3rd Quain Professor of Physics
- In office 1902–1914
- Preceded by: Hugh Longbourne Callendar
- Succeeded by: William Henry Bragg

= Frederick Thomas Trouton =

Irish experimental physicist (1863–1922)

Frederick Thomas Trouton (/ˈtraʊtən/; 24 November 1863 – 21 September 1922) was an Irish experimental physicist known for Trouton's rule and his experiments attempting to detect the Earth's motion through the luminiferous aether.

== Life and work ==
Trouton was born in Dublin on 24 November 1863, the youngest son of the wealthy and prominent Thomas Trouton. He attended Royal School Dungannon and went on to Trinity College Dublin in 1884, where he studied engineering and physical science. While still an undergraduate student, Trouton observed a relationship between boiling points and energies of vaporisations, which he presented in two short papers. He found the change of entropy per mole for vaporisation at a boiling point is constant, or expressed mathematically ΔS_{m,vap} = 10.5 R (where R is the ideal gas constant). This became known as Trouton's rule and, despite having some exceptions, is used to estimate the enthalpy of vaporisation of liquids whose boiling points are known. Trouton himself belittled his discovery as it was merely the result of an afternoon's manipulation of data from a book of tables. Before graduating he also took a leading role in surveying for a railway.

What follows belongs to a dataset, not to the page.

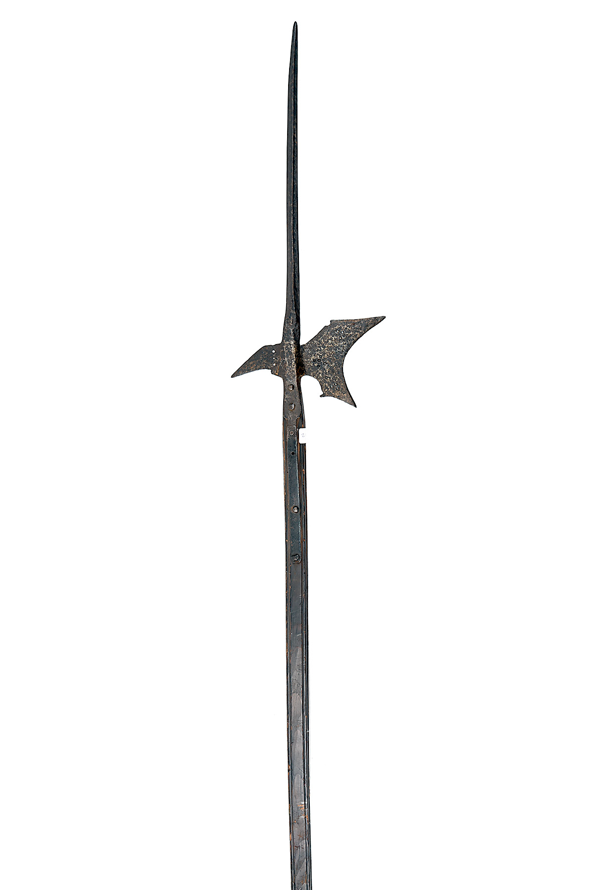 A CONTINENTAL HALBERD believed to be 16th Century, Italian in style, with hand-forged 25in. worn and pitted head comprising 16in. square spear, 3in. pierced beak split on one side, and 5in. pierced semi-circle blade, later attached to a soft-wood square shaft, 90in. overall

Trouton graduated Master of Arts and Doctor of Science in 1884, and was immediately appointed assistant to the professor of experimental physics, George Francis FitzGerald. They collaborated on many experiments and became good friends; FitzGerald's influence can be seen in much of Trouton's early work.

Trouton was elected a Fellow of the Royal Society in June 1897. His application citation read: "Discovered the law connecting the latent heat of vaporisation and molecular weights of bodies known as "Trouton's law" and experimentally determined the directions of vibration of electric and magnetic force in plane polarised light. He has made other important observations on the phase of secondary waves and on the influence of the size of the reflector in Hertz's equipment."

A 1902 appointment as Quain Professor of Physics at University College London led to a 12-year career of experimental physics, including work on the Trouton-Rankine experiment. He received an OBE in 1918.

Trouton married Anne Maria Fowler in 1887 and they had four sons and three daughters. Their first two sons, Eric and Desmond, were killed in World War I. He became severely ill in 1912 and an operation in 1914 left him paralysed in the lower limbs and caused his retirement. Despite this, he retained the wit and charm he was known for. After retiring, Trouton lived in Tilford, Surrey, and then Downe in Kent where he died on 21 September 1922.